NEW ORLEANS—Peter Vazquez is strapped.
Barbecuing lamb on a grill outside his home in New Orleans' historic Algiers Point neighborhood Friday, Vazquez flashed a 9 mm Beretta from his pants pocket and showed visitors a 12-gauge shotgun that was readily accessible in the house.
"Oh, you've got to carry," said Vazquez, a 40-year-old restaurant owner.
As tired and frantic New Orleans residents waited for law enforcement officials to restore order, many decided to take matters into their own hands to protect their streets and property from looting.
With stories spreading of police cars being shot at and of hot-wired school buses backing up and emptying houses of all their possessions, Vazquez and others around the city have been packing heat. A lot of it.
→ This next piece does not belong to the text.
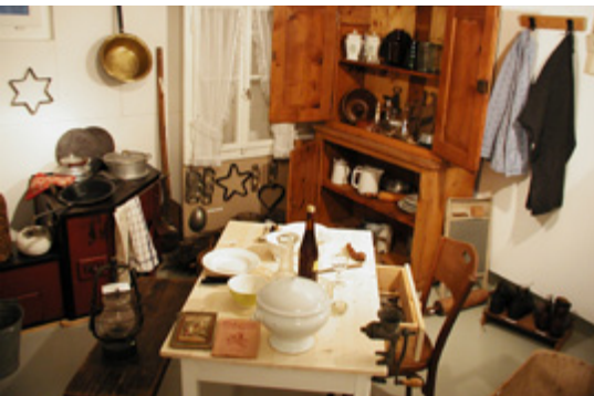
Das Dorfmuseum als Hüterin des Kulturgutes unserer Gemeinde.

"I've been carrying it for the last couple of days," he said. He said the police have been invisible in his neighborhood; police officials have said they're vastly overwhelmed and were waiting for the National Guard help that began arriving Friday.
As residents fended for themselves, New Orleans Mayor Ray Nagin took to the airwaves, blasting President Bush and the federal hurricane relief effort. He warned residents to be aware of desperate people searching for food and water, or drugs to feed their habits.
"I need reinforcements. I need troops, man. I need 500 buses, man," he said in a radio interview.
The feeling of helplessness prompted Ed Land, also of the Algiers Point neighborhood, to put his 9 mm automatic in a hip holster and strap it on as he cleaned up hurricane debris from his property.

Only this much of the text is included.